EXERCISE MATERIALS:
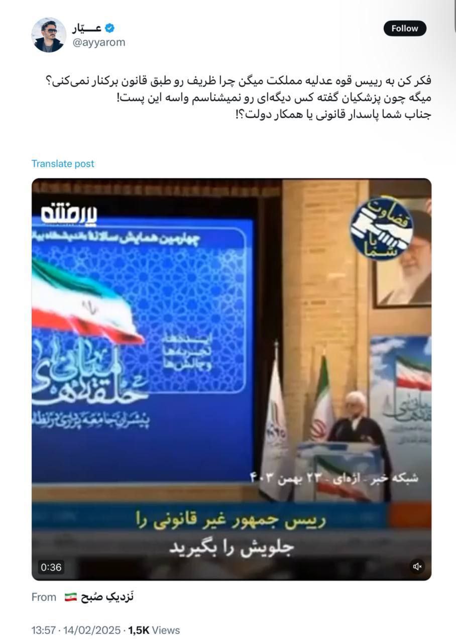 🔹از ساعتی قبل جریان پایداری و مصاف با انتشار فیلم چند ثانیهای تقطیع شده از توضیحات محسنی اژهای رییس قوه قضاییه درباره قانون انتصاب در مشاغل حساس، حمله مجازی را آغاز کردهاند.
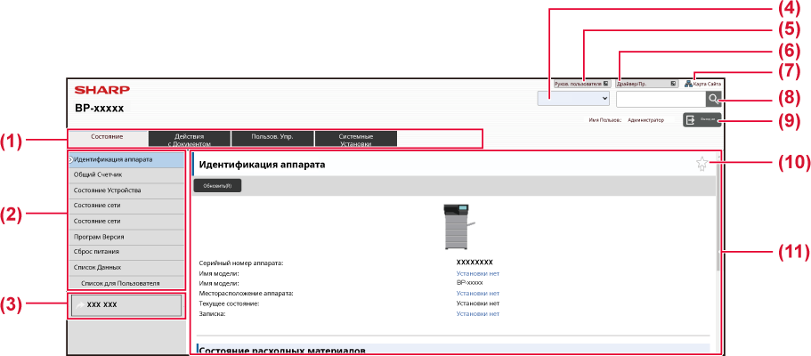В этом разделе описаны типовые элементы, используемые при работе в режиме настройки.
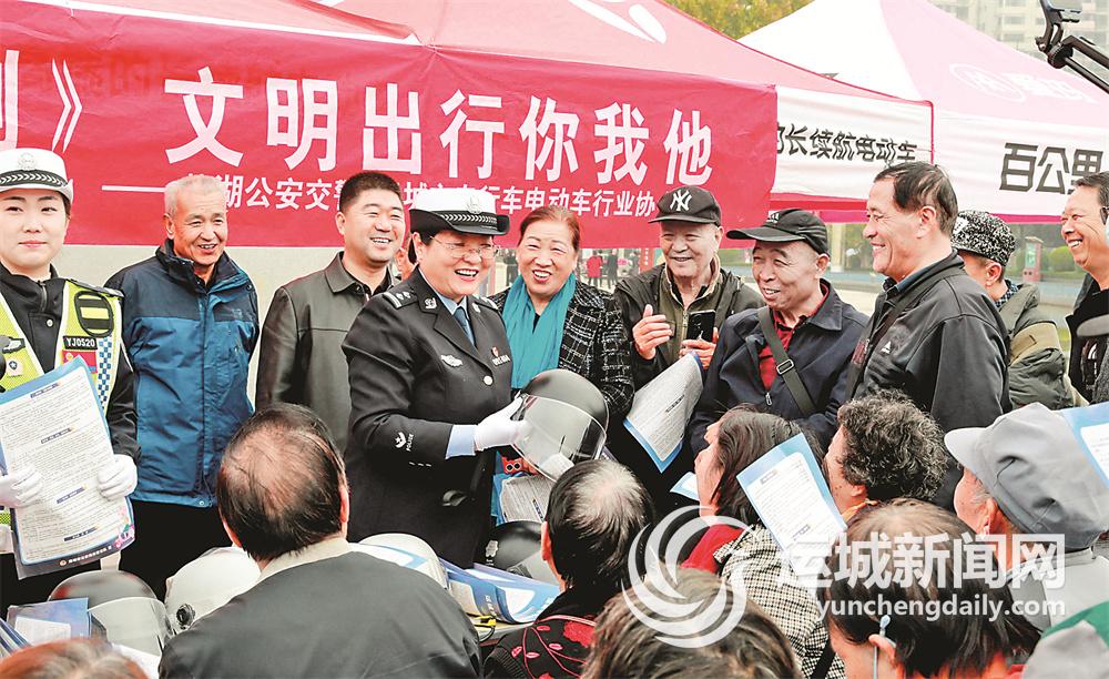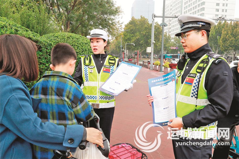 11月1日,盐湖公安分局交警大队联合运城市自行车电动车行业协会,在市区南风广场开展电动自行车新规普法宣传活动。葛崇收 谭建春 摄影报道
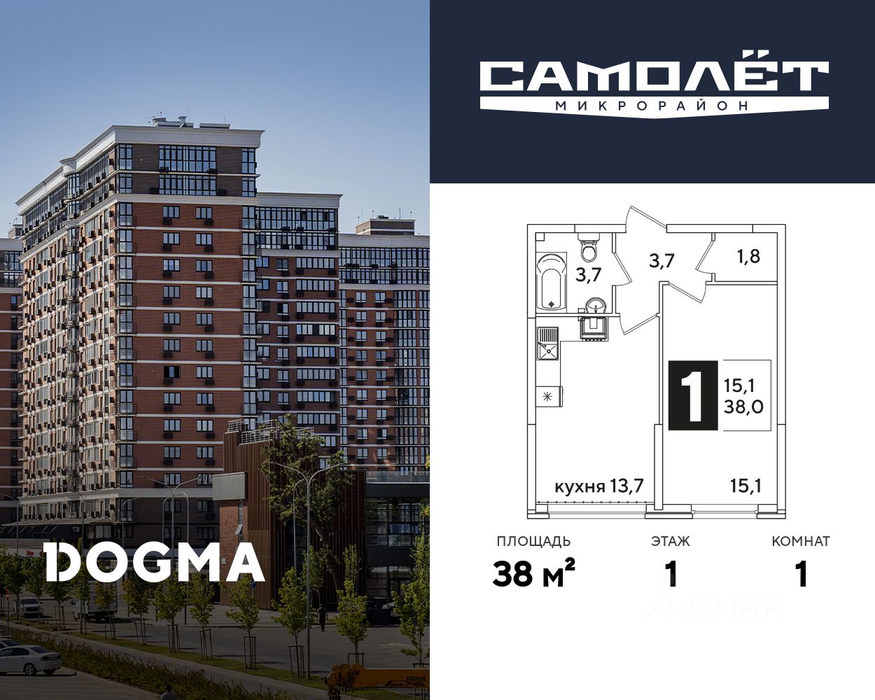 DOGMA - ТОП-3 застройщик по объему строительства в РФ. "САМОЛЁТ" — концептуальный жилой микрорайон, который расположен на северо-западе Краснодара, в районе Западного Обхода. Квартал спроектирован как "город в городе", поэтому здесь будет всё для комфортной жизни: современные дома с разными планировками, дороги, школы и детские сады, поликлиника, торговые центры, парки и аллеи. Микрорайон находится далеко от промышленных предприятий, сочетает удобство городской жизни и экологически благоприятную среду. Инфраструктура нового микрорайона: • 4 школы и 9 детских садов на территории микрорайона • Функциональные планировки • Собственный бульвар протяжённостью 1,6км • Светомузыкальный фонтан протяжённостью 55 метров • Амфитеатр • Парк 7 ГА • Скейт-парк • Детская аква-площадка • Круглосуточное видеонаблюдение и пост охраны Приобрести квартиру можно одним из способов: ипотека, рассрочка, наличный расчет.
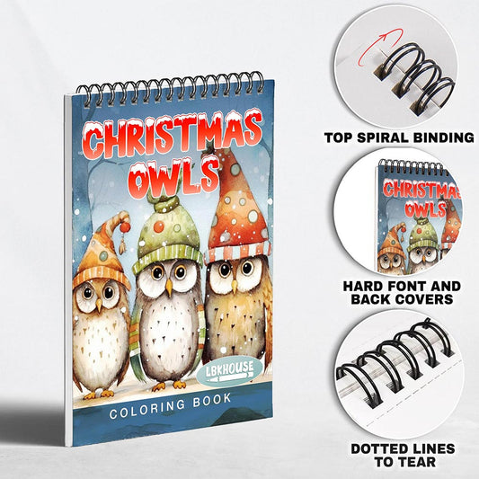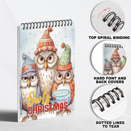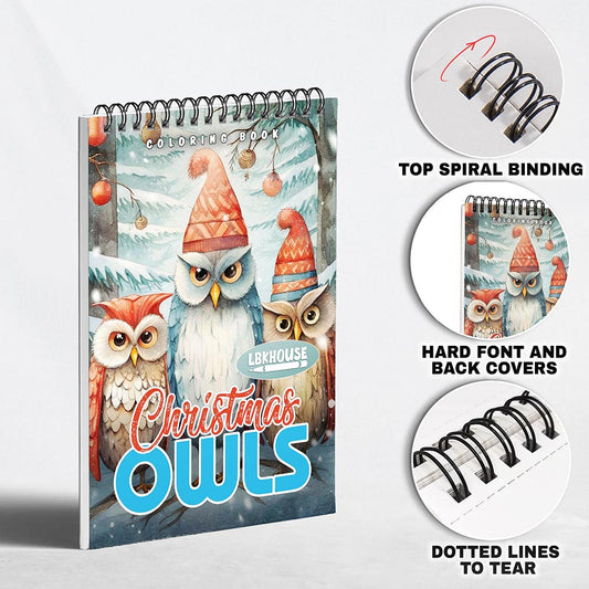 LBKHOUSE Christmas Owls Coloring Book Spiral Bound f...
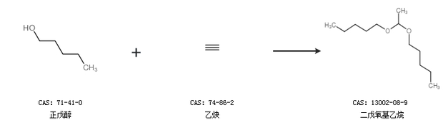 1.通过正戊醇和乙炔合成二戊氧基乙烷
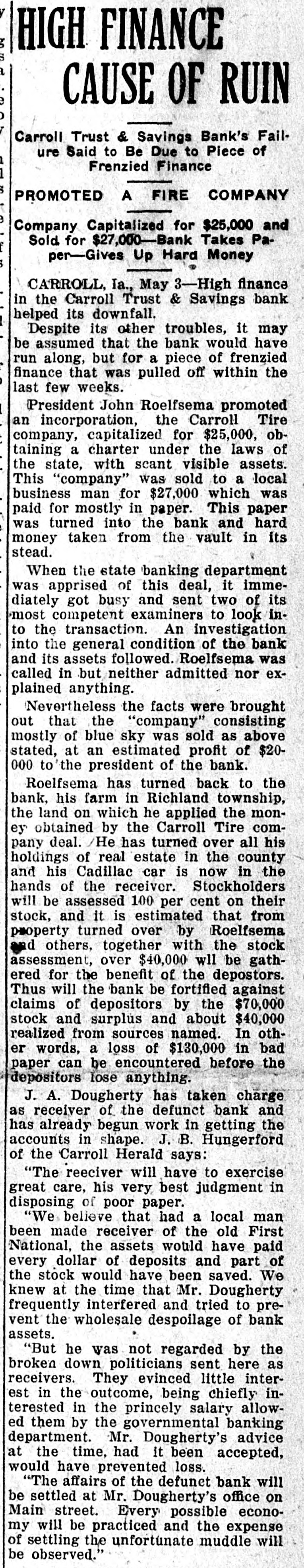 HIGH FINANCE CAUSE OF RUIN Carroll Trust & Savings Bank's Fail ure Said to Be Due to Piece of Frenzied Finance PROMOTED A FIRE COMPANY Company Capitalized for $25,000 and Sold for $27,000-Bank Takes Paper-Gives Up Hard Money CARROLL, Ia., May 3-High finance in the Carroll Trust & Savings bank helped its downfall. I Despite its other troubles, it may be assumed that the bank would have run along, but for a piece of frenzied finance that was pulled off within the last few weeks. President John Roelfsema promoted an incorporation, the Carroll Tire company, capitalized for $25,000, obtaining a charter under the laws of the state, with scant visible assets. This "company" was sold to a local business man for $27,000 which was paid for mostly in paper. This paper was turned into the bank and hard money taken from the vault in its stead. When the state banking department was apprised of this deal, it immediately got busy and sent two of its most competent examiners to look into the transaction. An investigation into the general condition of the bank and its assets followed. Roelfsema was called in but neither admitted nor explained anything. Nevertheless the facts were brought out that the "company" consisting mostly of blue sky was sold as above stated, at an estimated profit of $20000 to the president of the bank. Roelfsema has turned back to the bank, his farm in Richland township, the land on which he applied the money obtained by the Carroll Tire company deal. He has turned over all his holdings of real estate in the county and his Cadillac car is now in the hands of the receiver. Stockholders will be assessed 100 per cent on their stock, and it is estimated that from property turned over by Roelfsema and others, together with the stock assessment, over $40,000 will be gathered for the benefit of the depostors. Thus will the bank be fortified against claims of depositors by the $70,000 stock and surplus and about $40,000 realized from sources named. In other words, a loss of $130,000 in bad paper can be encountered before the depositors lose anything. J. A. Dougherty has taken charge as receiver of the defunct bank and has already begun work in getting the accounts in shape. J. B. Hungerford of the Carroll Herald says: "The reeciver will have to exercise great care, his very best judgment in disposing of poor paper. "We believe that had a local man been made receiver of the old First National, the assets would have paid every dollar of deposits and part of the stock would have been saved. We knew at the time that Mr. Dougherty frequently interfered and tried to prevent the wholesale despoilage of bank assets. "But he was not regarded by the broken down politicians sent here as receivers. They evinced little interest in the outcome, being chiefly interested in the princely salary allowed them by the governmental banking department. Mr. Dougherty's advice at the time, had it been accepted, would have prevented loss. "The affairs of the defunet bank will be settled at Mr. Dougherty's office on Main street. Every possible economy will be practiced and the expense of settling the unfortunate muddle will be observed."

PROBLEM TO WORK ON: Leave the pictures out and reproduce all of the records exactly.

SOLUTION FOR THIS TASK:
 🔹از ساعتی قبل جریان پایداری و مصاف با انتشار فیلم چند ثانیهای تقطیع شده از توضیحات محسنی اژهای رییس قوه قضاییه درباره قانون انتصاب در مشاغل حساس، حمله مجازی را آغاز کردهاند.
В этом разделе описаны типовые элементы, используемые при работе в режиме настройки.
 11月1日,盐湖公安分局交警大队联合运城市自行车电动车行业协会,在市区南风广场开展电动自行车新规普法宣传活动。葛崇收 谭建春 摄影报道
 DOGMA - ТОП-3 застройщик по объему строительства в РФ. "САМОЛЁТ" — концептуальный жилой микрорайон, который расположен на северо-западе Краснодара, в районе Западного Обхода. Квартал спроектирован как "город в городе", поэтому здесь будет всё для комфортной жизни: современные дома с разными планировками, дороги, школы и детские сады, поликлиника, торговые центры, парки и аллеи. Микрорайон находится далеко от промышленных предприятий, сочетает удобство городской жизни и экологически благоприятную среду. Инфраструктура нового микрорайона: • 4 школы и 9 детских садов на территории микрорайона • Функциональные планировки • Собственный бульвар протяжённостью 1,6км • Светомузыкальный фонтан протяжённостью 55 метров • Амфитеатр • Парк 7 ГА • Скейт-парк • Детская аква-площадка • Круглосуточное видеонаблюдение и пост охраны Приобрести квартиру можно одним из способов: ипотека, рассрочка, наличный расчет.
 LBKHOUSE Christmas Owls Coloring Book Spiral Bound f...
 1.通过正戊醇和乙炔合成二戊氧基乙烷
 HIGH FINANCE CAUSE OF RUIN Carroll Trust & Savings Bank's Fail ure Said to Be Due to Piece of Frenzied Finance PROMOTED A FIRE COMPANY Company Capitalized for $25,000 and Sold for $27,000-Bank Takes Paper-Gives Up Hard Money CARROLL, Ia., May 3-High finance in the Carroll Trust & Savings bank helped its downfall. I Despite its other troubles, it may be assumed that the bank would have run along, but for a piece of frenzied finance that was pulled off within the last few weeks. President John Roelfsema promoted an incorporation, the Carroll Tire company, capitalized for $25,000, obtaining a charter under the laws of the state, with scant visible assets. This "company" was sold to a local business man for $27,000 which was paid for mostly in paper. This paper was turned into the bank and hard money taken from the vault in its stead. When the state banking department was apprised of this deal, it immediately got busy and sent two of its most competent examiners to look into the transaction. An investigation into the general condition of the bank and its assets followed. Roelfsema was called in but neither admitted nor explained anything. Nevertheless the facts were brought out that the "company" consisting mostly of blue sky was sold as above stated, at an estimated profit of $20000 to the president of the bank. Roelfsema has turned back to the bank, his farm in Richland township, the land on which he applied the money obtained by the Carroll Tire company deal. He has turned over all his holdings of real estate in the county and his Cadillac car is now in the hands of the receiver. Stockholders will be assessed 100 per cent on their stock, and it is estimated that from property turned over by Roelfsema and others, together with the stock assessment, over $40,000 will be gathered for the benefit of the depostors. Thus will the bank be fortified against claims of depositors by the $70,000 stock and surplus and about $40,000 realized from sources named. In other words, a loss of $130,000 in bad paper can be encountered before the depositors lose anything. J. A. Dougherty has taken charge as receiver of the defunct bank and has already begun work in getting the accounts in shape. J. B. Hungerford of the Carroll Herald says: "The reeciver will have to exercise great care, his very best judgment in disposing of poor paper. "We believe that had a local man been made receiver of the old First National, the assets would have paid every dollar of deposits and part of the stock would have been saved. We knew at the time that Mr. Dougherty frequently interfered and tried to prevent the wholesale despoilage of bank assets. "But he was not regarded by the broken down politicians sent here as receivers. They evinced little interest in the outcome, being chiefly interested in the princely salary allowed them by the governmental banking department. Mr. Dougherty's advice at the time, had it been accepted, would have prevented loss. "The affairs of the defunet bank will be settled at Mr. Dougherty's office on Main street. Every possible economy will be practiced and the expense of settling the unfortunate muddle will be observed."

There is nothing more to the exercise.